California just passed a law requiring local and state law enforcement agencies to track the race of everyone stopped by police.

Supporters of the bill, as always, say it’s a tool to prevent racial profiling in policing.

Critics of the bill say it’s a bureaucratic nightmare that will only make life harder for officers.

“It’s a terrible piece of legislation,” said Lt. Steve James, president of the Long Beach Police Officers Association and the national trustee for the California Fraternal Order of Police.

“There is no racial profiling.

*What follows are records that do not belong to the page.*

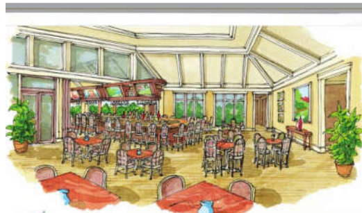
HERITAGE BAY GOLF & COUNTRY CLUB CONCEPTUAL DRAWING OF INTERIOR OF GRILLE ROOM EXPANSION
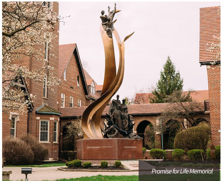
Promise for Life Memorial

The plaza surrounding the finished sculpture, which was dedicated in 1999, is paved with over 100 bricks inscribed with the word “Remember” in different languages.
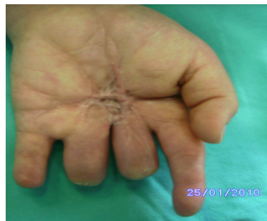
Fig 3: Amputated fingers after fireworks injury.

There just isn’t,” he said. “There is criminal profiling that exists.”

Others disagree.

Rosa Aqeel, the legislative director of PICO California, a faith-based advocacy group that lobbied heavily for the law’s passage, said it will replace anecdotal evidence on stops and contacts with actual data.

“It creates a set of actual data that will allow us to see where racial profiling is happening,” Aqeel said, describing police officials who deny that racial profiling occurs as out of touch with reality. “All I can say is thank God this bill got signed and we’ll be able to look at the data and see what’s really going on. We should all want to see the data, so we can see how pervasive the problem is.”

Lt. Craig Lally, president of the union that represents Los Angeles police officers, called the new measure “another one of these feel-good laws” that will be impossible to enforce.

“Sometimes when people get pulled over they claim it’s because they are black, or Hispanic or white,” he said. “Unless you can get into the officer’s mind when he’s doing that traffic stop, there is no way to prove it was because of race—unless he or she admits it…. It is impossible to look at statistics and prove racism.”



Keeping detailed records of every traffic stop’s race does not take into account variables that affect the data. Certain areas have different percentages of races at different times of day, year, etc. if an officer’s stops are 70% male blacks in an area where, during his shift, a large majority of that race regularly drive through his beat during the night shift, but the day shift has large volumes of all races during the day (say a retail-zoned area), but during holiday seasons the stores remain open much later, then the numbers of each race are greatly swayed by these situations. To get s good breakdown of what is “normal” will take years, and that data would also be affected by economic trends, drug abuse problems moving in/out of the area, etc.

There’s no easy marker that can cover the profiling issue other than a good supervisor who knows his/her officers and the beats they cover.

The comment above saying there is criminal profiling is correct. A good cop knows when a vehicle is out of place. Then it takes diligence to find a legal reason to stop, and the intelligence to spot indicators of criminal activity. The majority of my career was spent on 3rd shift, where I couldn’t even see the race(s) of the vehicle occupant(s) until I turned on my takedown lights. I couldn’t even tell you a guess at the racial percentages of my stops. What I CAN tell you is proactive policing lowers criminal activity in the areas where diligent police tactics were used.